The data ends in late 2019, where the PC peak player counts for both games sat around 30-35%.
However, the PC market has surged compared to the console market in the last few years, and Gemini suggested that the PC market share is likely to be much higher than it was 8 years ago. Yes, I know, again, take this with a grain of salt, but this is its motivation:
>The shift in the platform landscape for AAA shooters has reached a tipping point, moving from a console-centric model to a near-even split. As of 2025, industry reports show PC now holds the largest share of the FPS market at 38.2% of total revenue, officially edging out consoles at 34.4%. This reinforces the milestone set by Activision Blizzard in 2023, where PC revenue surpassed console for the first time in the company's history. In the current cross-play era, where over 70% of gamers operate across multiple platforms, PC has evolved from a niche enthusiast market into a primary pillar that often accounts for 40–50% of the active player base in high-engagement live services. For modern franchises, the PC community no longer represents a secondary "port" audience but rather the densest concentration of high-skill players and the most resilient segment of the long-term player economy. > >Source that the AI referenced.
In addition, If I for example go to tracker.gg and check how many players have played between 300 and 3000 matches in BF6, I get a PC share of 55.80%, but if I check between 1000 and 3000 matches, I get 49.78%. Thus another question becomes relevant. Are PC users more likely to use tracker.gg than console players? Probably. So a safer bet would be to estimate the PC population to be between 40-50% of the playerbase.

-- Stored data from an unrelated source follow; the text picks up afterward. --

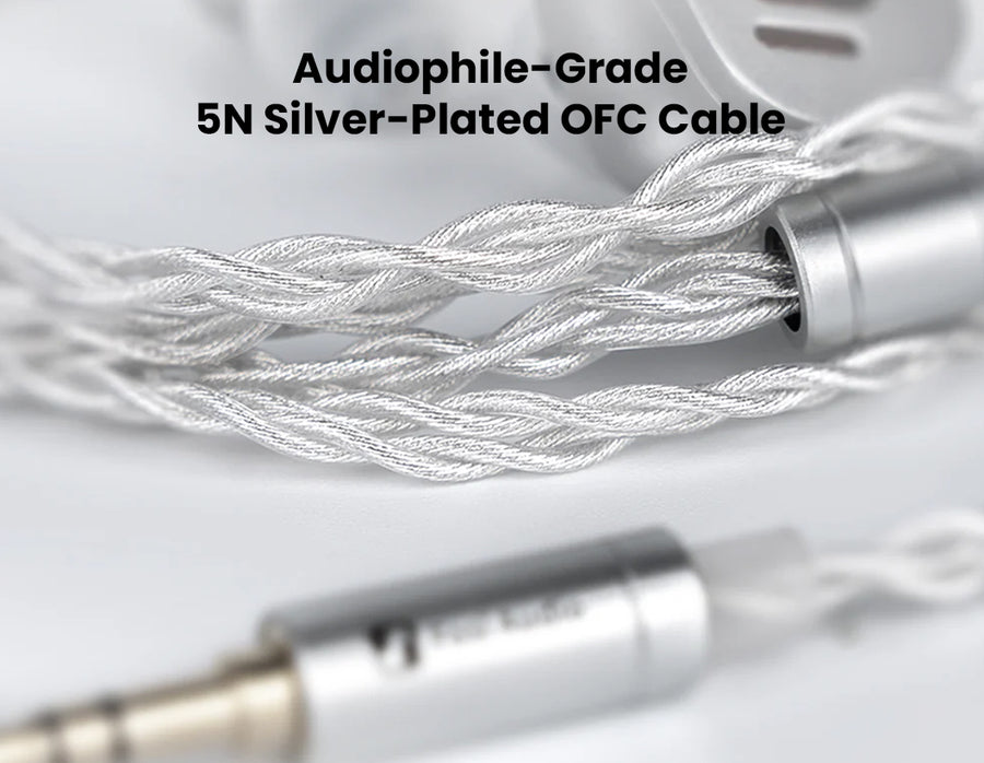 A detachable high-end 4-core 392-strand 5N OFC silver-plated copper cable (0.78mm 2-pin) minimizes signal loss for pure fidelity. Customize your sound signature with swappable aluminum/brass nozzles and included eartips (3x balanced, 3x vocal) for bass-boost, vocal-forward, or analytical profiles.
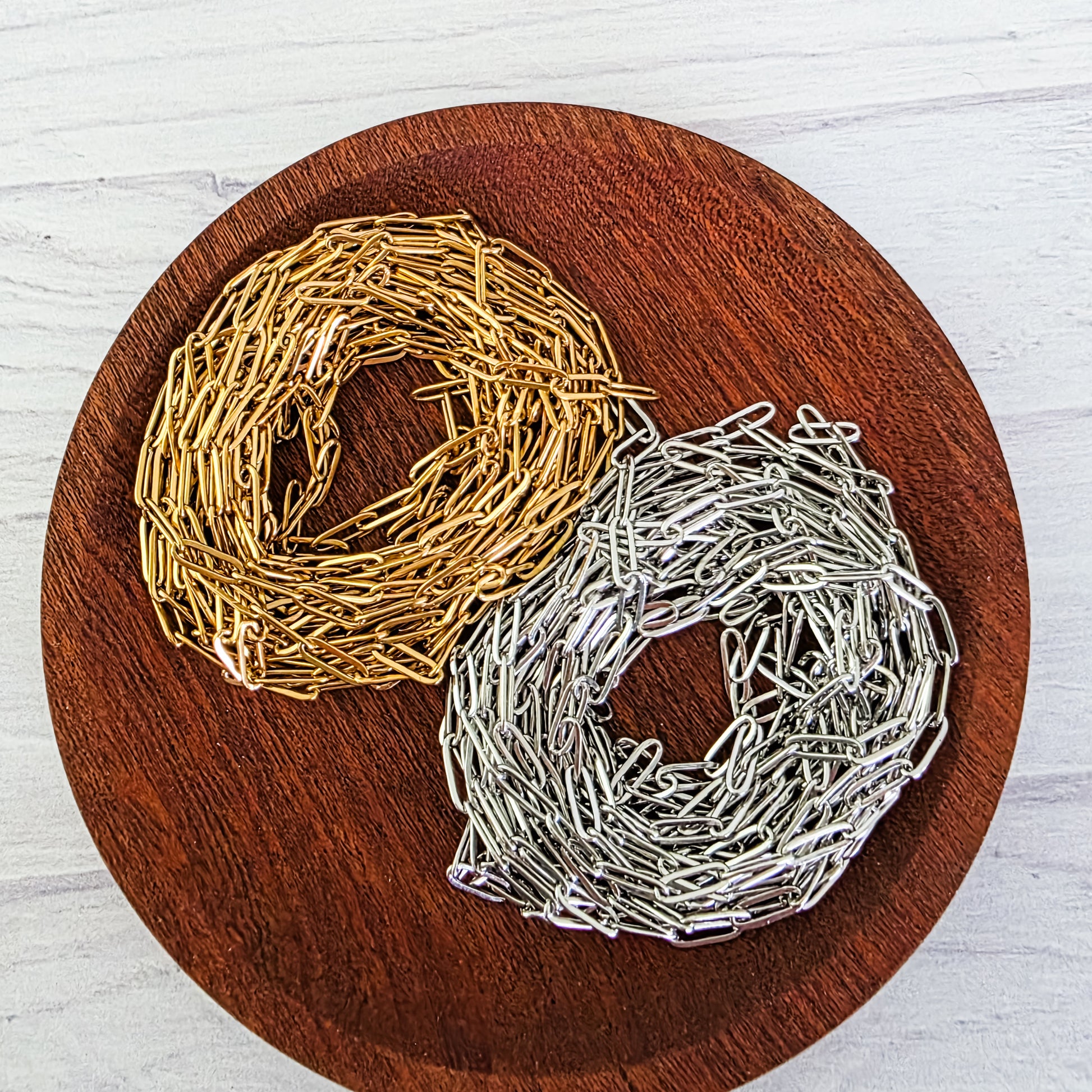 New Premium Spool Paperclip Chain Finding (Silver or Gold Stainless Steel), 3m (9.84ft), Chain #17
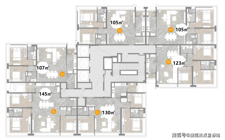 户型鉴赏(105㎡~145㎡/3梯6户)
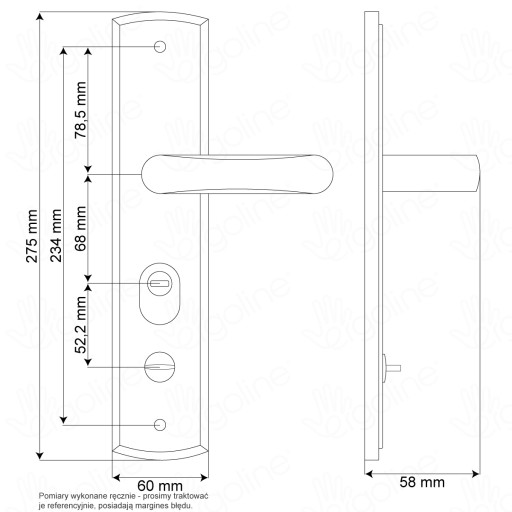 - Otwory na śruby mocujące klamkę oraz pokrętło otwierające również muszą znajdować się wewnątrz budynku.
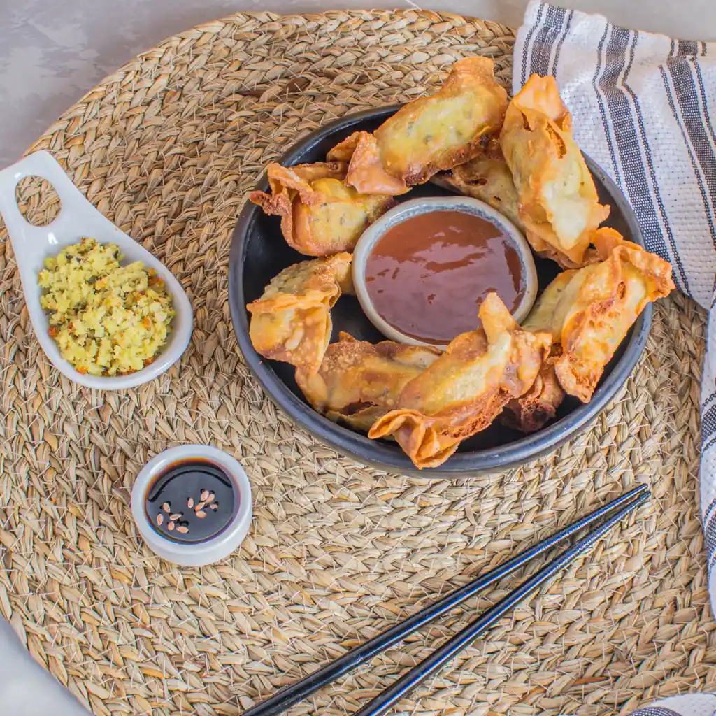 INGREDIENTES: Pollo, ajo, cebollín, jengibre, hierbabuena, albahaca, aceite de sésamo, sal, azúcar, curry.
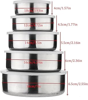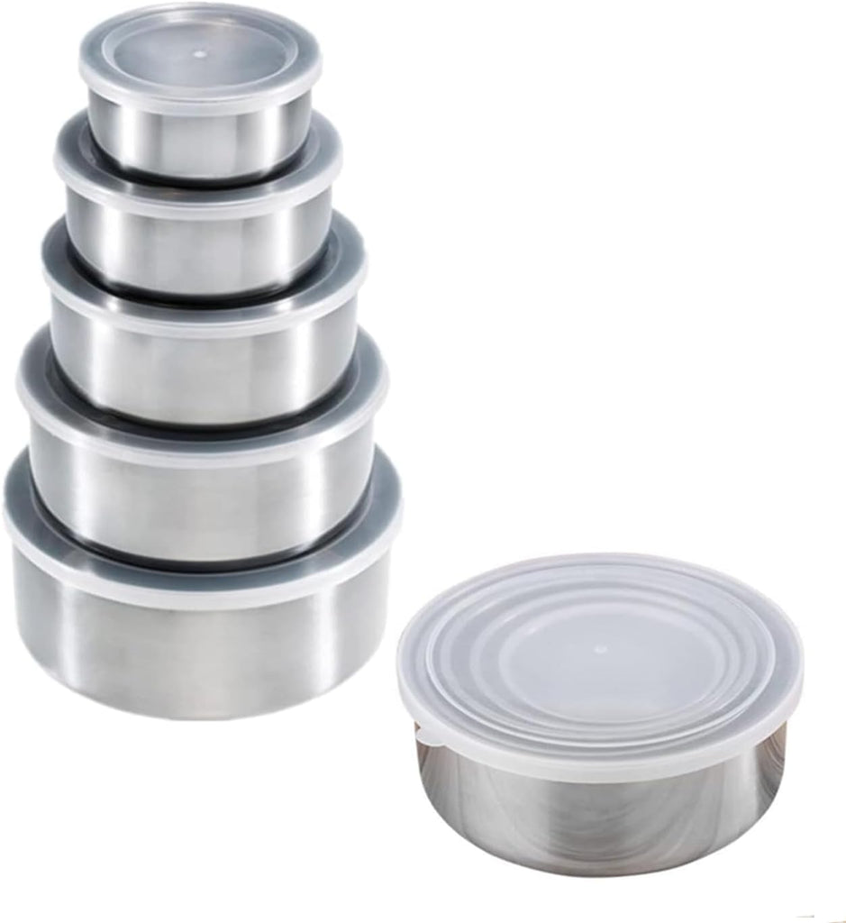- High-quality stainless steel food containers can nest for easy storage. Five different sizes mean you'll be prepared in an instant for whatever occasions
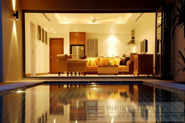 A stunning two bedroom villa with private pool, walking distance to Bangtao Beach. The property is within a secure estate of pool villas, the open living and dining areas overlook the swimming pool and tropical gardens. The villa has a fully fitted and equipped Western kitchen. The extra large bedrooms with King sized beds have ensuite bathrooms and outdoor shower. Upstairs is a private sala and lounge area where dinners can be served or enjoy the sunsets with cocktails among friends. Perfect for long term rentals, with a large amount of storage, private car parking garage, fully refurbished and private. Close to schools, walking distance to shopping areas.

So with 40-50% of the playerbase potentially being PC players, this would put our total active player count somewhere around 3.7 - 4.5 million players in the last 2 weeks, with the monthly estimation very likely being higher.
Finally, here are my disclaimers, seeing as you have just seen the final "guesstimation", it's only fair to be reminded that there are limitations to gathering data by brute force, partially blind.

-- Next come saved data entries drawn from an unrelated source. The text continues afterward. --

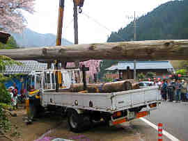 柱は次第に垂直に近づき、遂に柱の根元が底に到達する。さらに左右前後から建ち具合を確認し、その上で、石を投げ込む。ワイヤーを緩めると、それがソメイヨシノの梢に当たり、花吹雪が舞い上がり、観衆から一斉に拍手と万歳が沸き起こった。
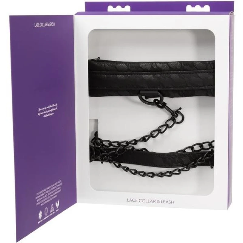 Avec une belle dentelle en relief, cet ensemble est le moyen idéal pour se sentir à l’aise tout en contrôlant. Le col rembourré en dentelle est si sexy et confortable qu’il pourrait bien devenir un accessoire de jeu préféré. Le collier offre une fermeture velcro sécurisée pour un dégagement facile et est attaché avec une chaîne en métal de 30″ qui s’accroche à la boucle du collier. Cette chaîne se connecte à une poignée en dentelle en relief qui est lisse et facile à tenir.
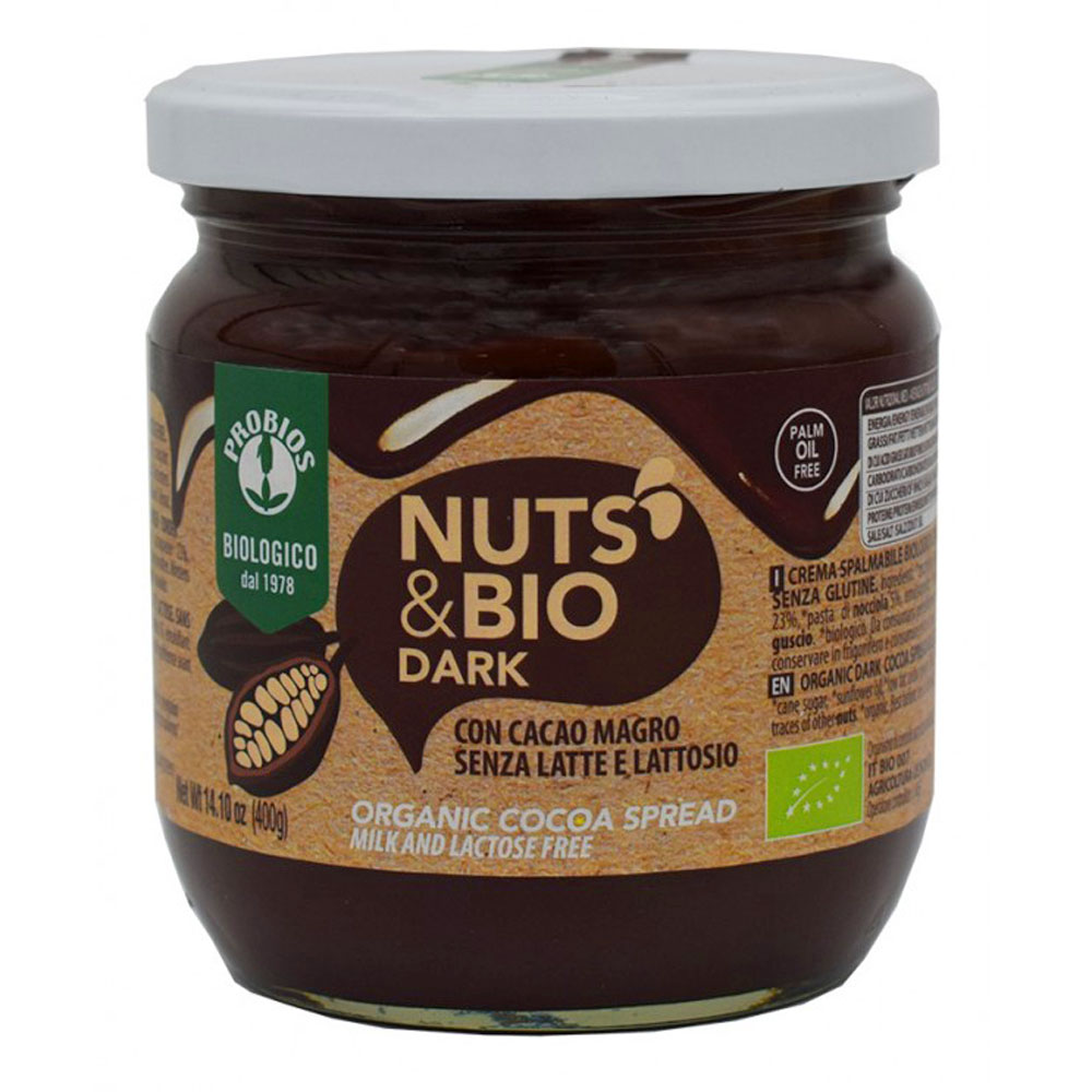 Probios Nuts and Bio Dark Cocoa Spread: Υγιεινή και εξαιρετικά νόστιμη πραλίνα φουντουκιού με κρέμα κακάο (μαύρη σοκολάτα), χωρίς γλουτένη! Γλυκιά γεύση με βάση το άπαχο κακάο που θα σας κερδίσει από την πρώτη στιγμή!

- 76.8% of users were recorded in Conquest (40.2%) and Escalation (36.6%). Breakthrough makes up 11.6%, rush 3.8% and all other modes the rest. I never played Strikethrough or REDSEC during this time. I queued up a little bit for the smaller modes, but I rarely had fun for prolonged periods playing them (mostly my party members didn't). For the most part, I queued into Conquest, Escalation, Rush and Breakthrough on all available maps (but rarely got to play anything but Conquest and Escalation). This likely skews the data.

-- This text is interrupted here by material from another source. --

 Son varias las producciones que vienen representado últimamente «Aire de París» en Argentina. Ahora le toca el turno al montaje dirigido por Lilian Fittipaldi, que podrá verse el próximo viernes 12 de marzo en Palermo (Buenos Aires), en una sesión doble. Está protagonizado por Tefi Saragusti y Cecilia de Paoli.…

- Seeing as this is based on European player data, any different player behaviour with hours put into the games in other regions of the world will skew the data.
- I am only human. It is unlikely I haven't made a single mistake when copying over data between websites (in fact, I've spotted some minor and unimportant ones that doesn't affect the estimations myself). This took a long time to assemble, and some late nights.
- The AI used to explain the formulas I used might be wrong entirely about the usage of those formulas, and if they are, please tell me.
Finally. Thank you for reading through the ramblings of a crazy lady, me.